WHAT THE TASK ASKS:
Leave out the pictures and repeat exactly the lines from the one containing "Brain-machine interfaces (BMIs), particularly" through the end of the records.

EXERCISE DATA:
--- --- ---

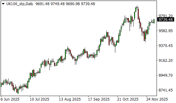 Vývoj akciového indexu FTSE 100 (denní graf - D1):
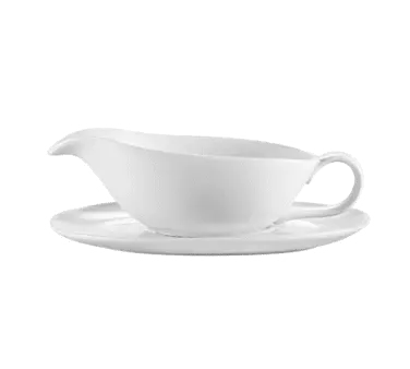 Upgrade your kitchen capabilities with the CAC China SBT-20 Gravy Sauce Boat. This sauce boat and saucer set is perfect for commercial restaurant use, allowing you to serve your delicious sauces with style and precision. The set includes a 20 oz. sauce boat with a handle for easy pouring and a 9-1/4"L x 4-3/4"W x 7/8"H oval saucer for a convenient presentation. Made of durable porcelain, this set is dishwasher, oven, and microwave safe, ensuring easy cleaning and versatility in the kitchen. The Super White color adds a touch of elegance to any table setting. With its high-quality construction and functional design, the CAC China SBT-20 Gravy Sauce Boat is a must-have for any restaurant looking to elevate their sauce service.
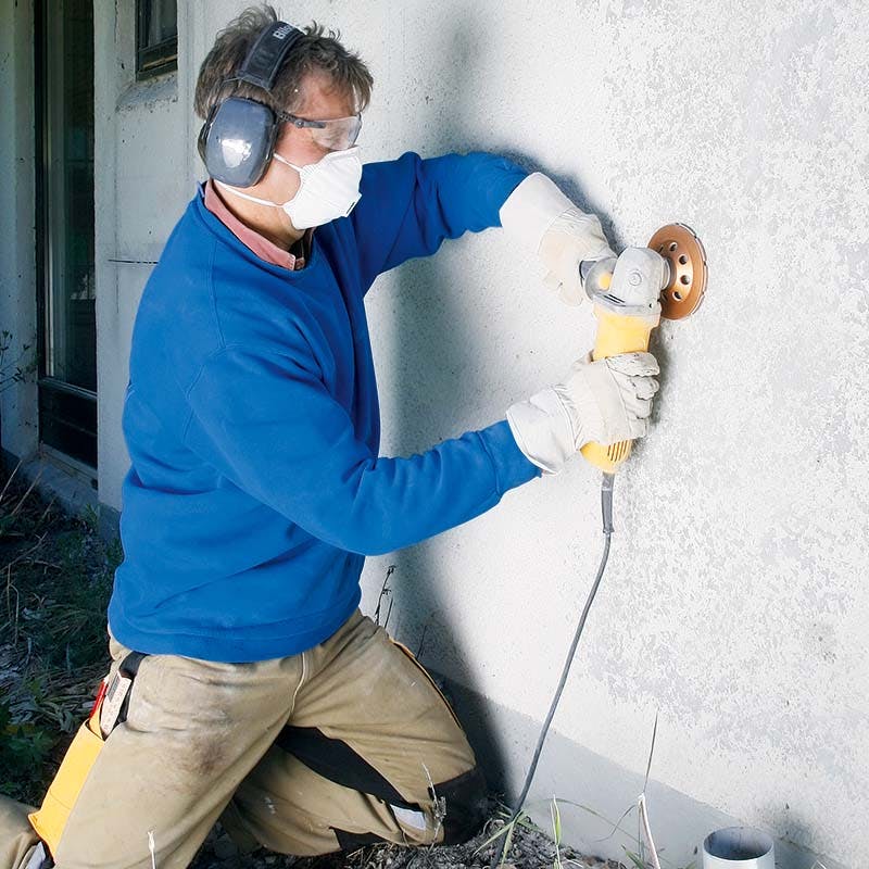 VIKTIGT! Det dammar enormt så du ska använda andningsmask och skyddsglasögon.
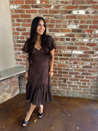 Feminine and flattering, the Storia Puff Sleeve Midi brings just the right balance of romance and wearability. With a relaxed A-line silhouette, puff sleeves, and embroidered detailing, it’s designed to flatter while keeping you comfortable. A flared skirt with tiered ruffle hem adds graceful movement, making this the kind of dress you’ll reach for again and again.
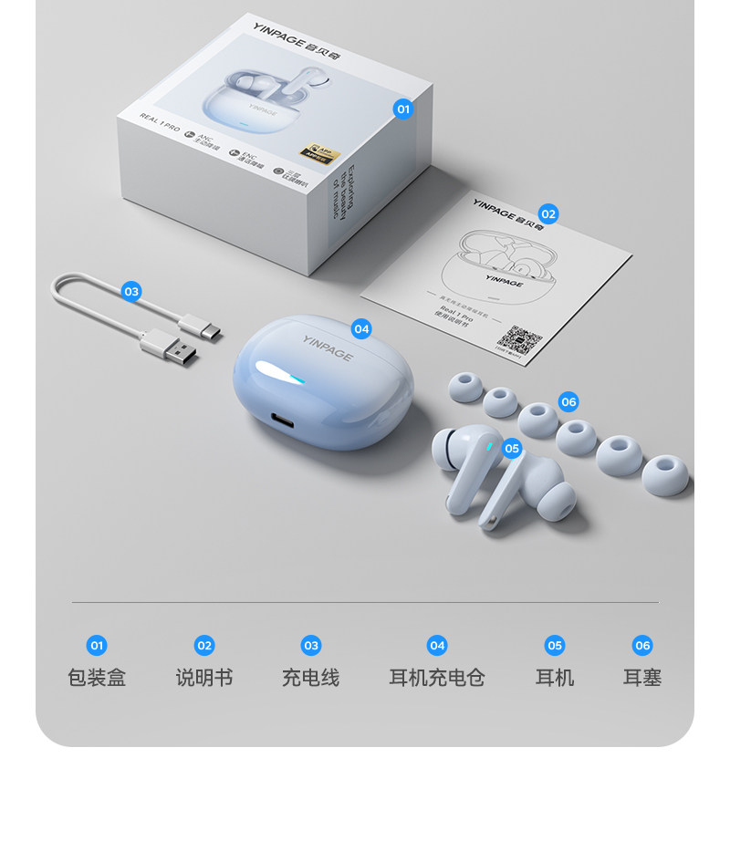 Yinbeiqi Real1Pro Bluetooth Headset Active Noise Reduction True Wireless In-Ear High-Quality 2026 New Model Genuine
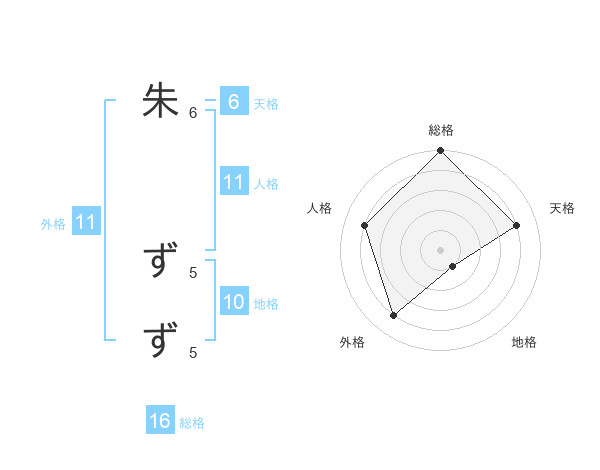 朱 ずずさんの総格は16画の5点!
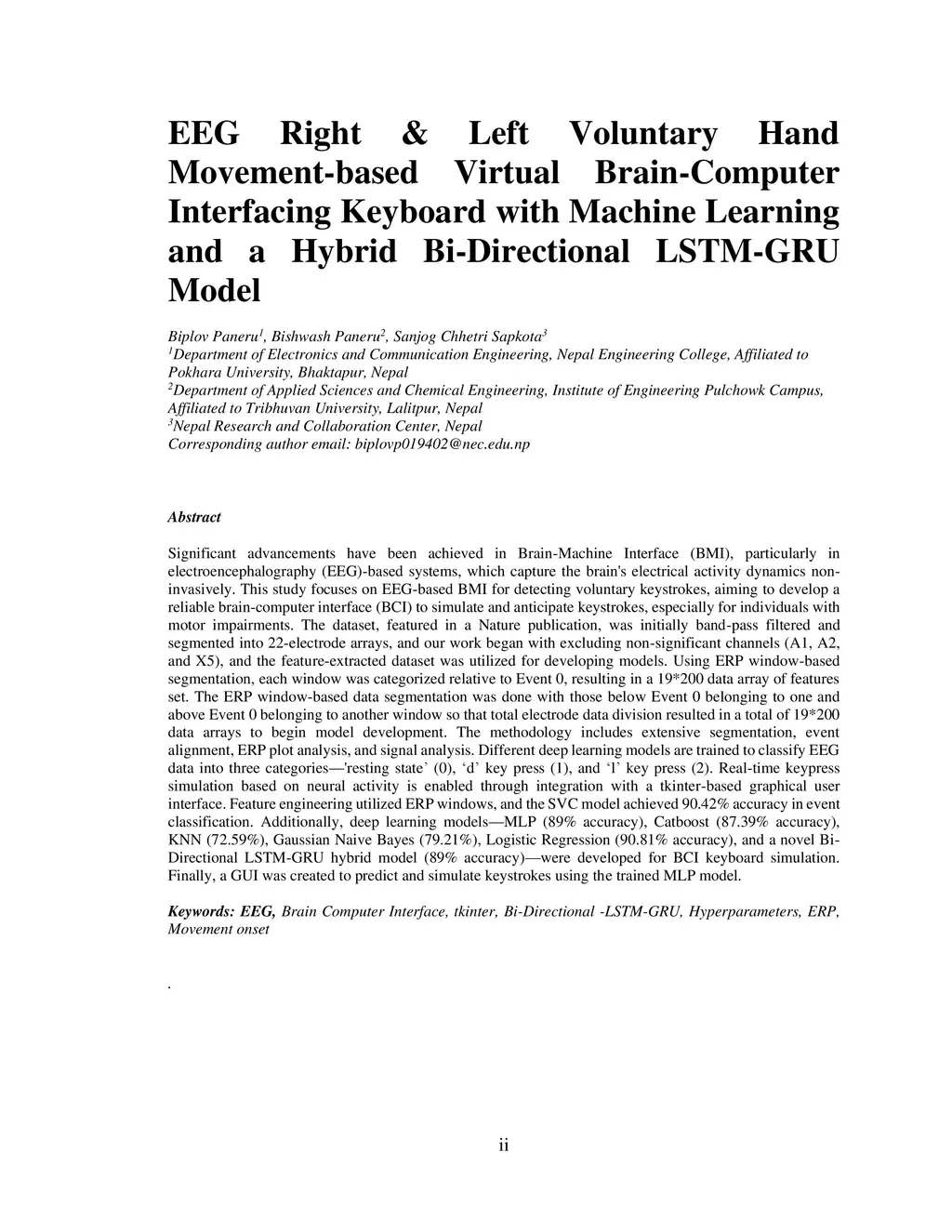 Brain-machine interfaces (BMIs), particularly those based on electroencephalography (EEG), offer promising solutions for assisting individuals with motor disabilities. However, challenges in reliably interpreting EEG signals for specific tasks, such as simulating keystrokes, persist due to the complexity and variability of brain activity. Current EEG-based BMIs face limitations in adaptability, usability, and robustness, especially in applications like virtual keyboards, as traditional machine-learning models struggle to handle high-dimensional EEG data effectively. To address these gaps, we developed an EEG-based BMI system capable of accurately identifying voluntary keystrokes, specifically leveraging right and left voluntary hand movements. Using a publicly available EEG dataset, the signals were pre-processed with band-pass filtering, segmented into 22-electrode arrays, and refined into event-related potential (ERP) windows, resulting in a 19x200 feature array categorized into three classes: resting state (0), 'd' key press (1), and 'l' key press (2). Our approach employs a hybrid neural network architecture with BiGRU-Attention as the proposed model for interpreting EEG signals, achieving superior test accuracy of 90% and a mean accuracy of 91% in 10-fold stratified cross-validation. This performance outperforms traditional ML methods like Support Vector Machines (SVMs) and Naive Bayes, as well as advanced architectures such as Transformers, CNN-Transformer hybrids, and EEGNet. Finally, the BiGRU-Attention model is integrated into a real-time graphical user interface (GUI) to simulate and predict keystrokes from brain activity. Our work demonstrates how deep learning can advance EEG-based BMI systems by addressing the challenges of signal interpretation and classification.
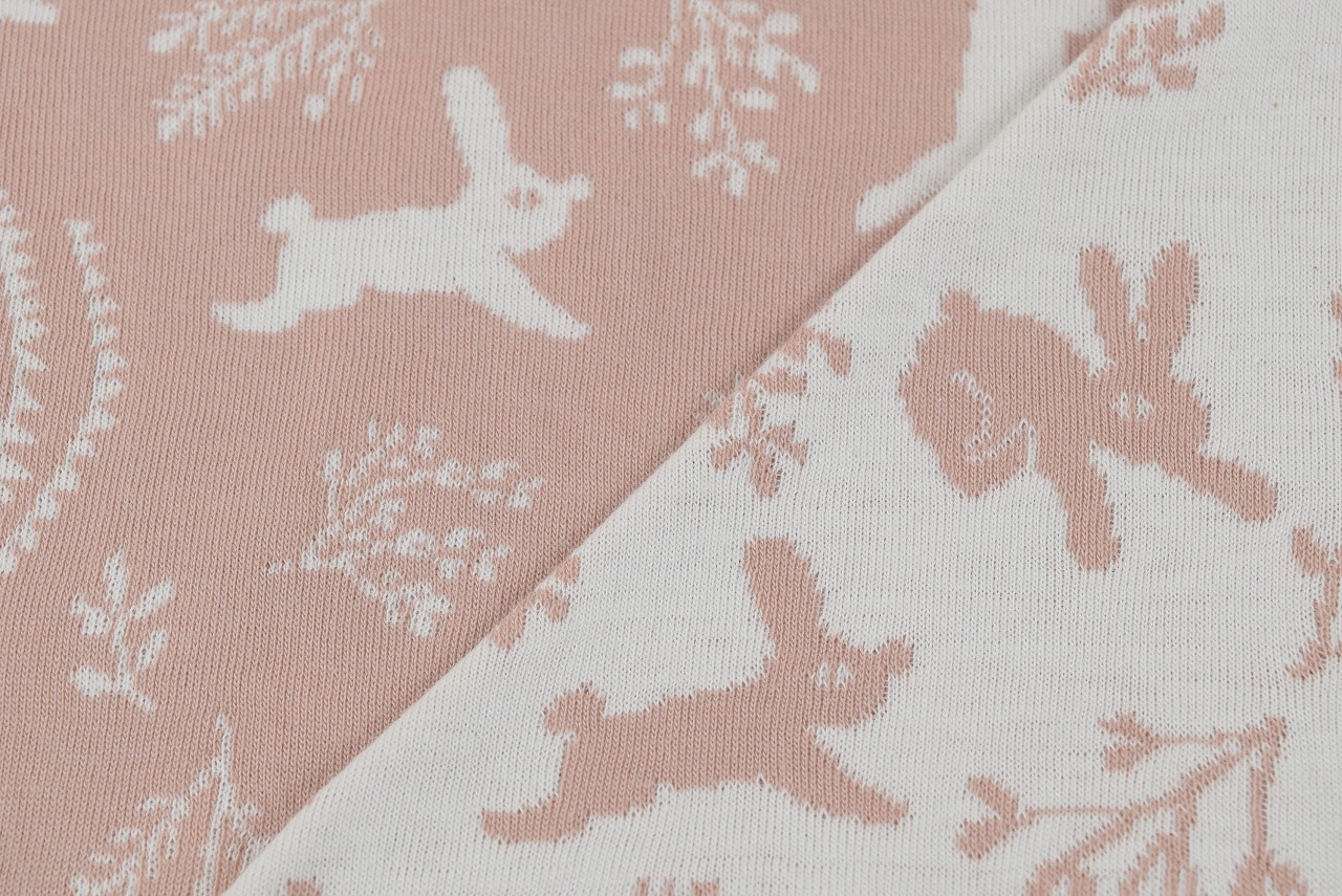 リバーシブルジャガードニット生地 ラビットラビット柄(1mカット生地)       色:ピンクベージュ/アイボリー

--- --- ---

ANSWER:
 Brain-machine interfaces (BMIs), particularly those based on electroencephalography (EEG), offer promising solutions for assisting individuals with motor disabilities. However, challenges in reliably interpreting EEG signals for specific tasks, such as simulating keystrokes, persist due to the complexity and variability of brain activity. Current EEG-based BMIs face limitations in adaptability, usability, and robustness, especially in applications like virtual keyboards, as traditional machine-learning models struggle to handle high-dimensional EEG data effectively. To address these gaps, we developed an EEG-based BMI system capable of accurately identifying voluntary keystrokes, specifically leveraging right and left voluntary hand movements. Using a publicly available EEG dataset, the signals were pre-processed with band-pass filtering, segmented into 22-electrode arrays, and refined into event-related potential (ERP) windows, resulting in a 19x200 feature array categorized into three classes: resting state (0), 'd' key press (1), and 'l' key press (2). Our approach employs a hybrid neural network architecture with BiGRU-Attention as the proposed model for interpreting EEG signals, achieving superior test accuracy of 90% and a mean accuracy of 91% in 10-fold stratified cross-validation. This performance outperforms traditional ML methods like Support Vector Machines (SVMs) and Naive Bayes, as well as advanced architectures such as Transformers, CNN-Transformer hybrids, and EEGNet. Finally, the BiGRU-Attention model is integrated into a real-time graphical user interface (GUI) to simulate and predict keystrokes from brain activity. Our work demonstrates how deep learning can advance EEG-based BMI systems by addressing the challenges of signal interpretation and classification.
 リバーシブルジャガードニット生地 ラビットラビット柄(1mカット生地)       色:ピンクベージュ/アイボリー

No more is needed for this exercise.